SÉRIE MEDIA LABS – épisodes précédents

Les 10-13 ans passent près de 15 heures en ligne par semaine. Voici ce qu’ils y font.

Par Barbara Chazelle, France Télévisions, Media Lab et Prospective

Pour s’inscrire sur les réseaux sociaux, il faut avoir 13 ans. Et 15 ans pour se passer du consentement parental selon les règles du RGPD. Mais ce n’est un secret pour personne que les pré-ados mentent sur leur âge pour accéder aux plateformes en ligne. Cette pratique les rendant invisibles, l’agence Heaven, en partenariat avec l’Association Génération Numérique*, interroge chaque année les 10-13 ans pour comprendre leurs comportements en ligne. Dans sa 4e édition de son baromètre* Born Social paru aujourd’hui, on apprend que si Snapchat et YouTube restent les chouchous des pré-ados, les plateformes de messagerie en lien avec les jeux en ligne font cette année une percée remarquable.

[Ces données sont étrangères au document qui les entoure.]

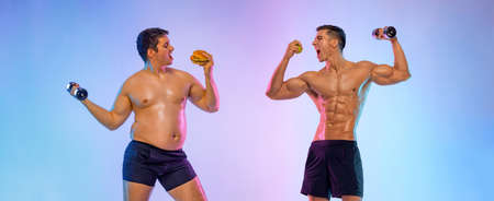 You are what you eat. Fat guy change a burger for an apple at an athlete. Awesome Before and After Weight Loss fitness Transformation. The man was fat but became athlet. Fat to fit concept.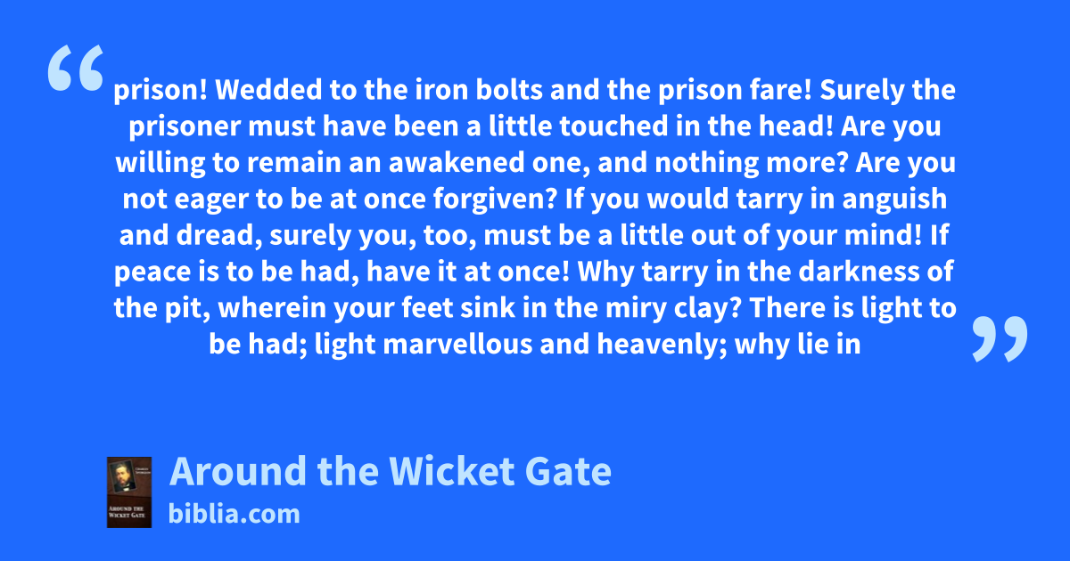 prison! Wedded to the iron bolts and the prison fare! Surely the prisoner must have been a little touched in the head! Are you willing to remain an awakened one, and nothing more? Are you not eager to be at once forgiven? If you would tarry in anguish and dread, surely you, too, must be a little out of your mind! If peace is to be had, have it at once! Why tarry in the darkness of the pit, wherein your feet sink in the miry clay? There is light to be had; light marvellous and heavenly; why lie in

14h53 passées en ligne par semaine 

Selon les données de Data Gouv, 84% des enfants de 12 ans disposeraient d’un smartphone qui constitue leur moyen de connexion privilégié.

Ils passent 14h53 par semaine sur Internet, soit plus de 2h par jour, une consommation semblable au Royaume-Uni où les 8-11 ans sont connectés 13h35 par semaine (+23% entre 2014 et 2018) selon le Kids Digital Media Reports de PWC 2019

Mais que les parents ne s’avisent pas de leur faire la leçon, car ils sont d’après leur progéniture de bien mauvais exemples : 39% des adolescents pensent que leurs parents passent trop de temps sur leur mobile.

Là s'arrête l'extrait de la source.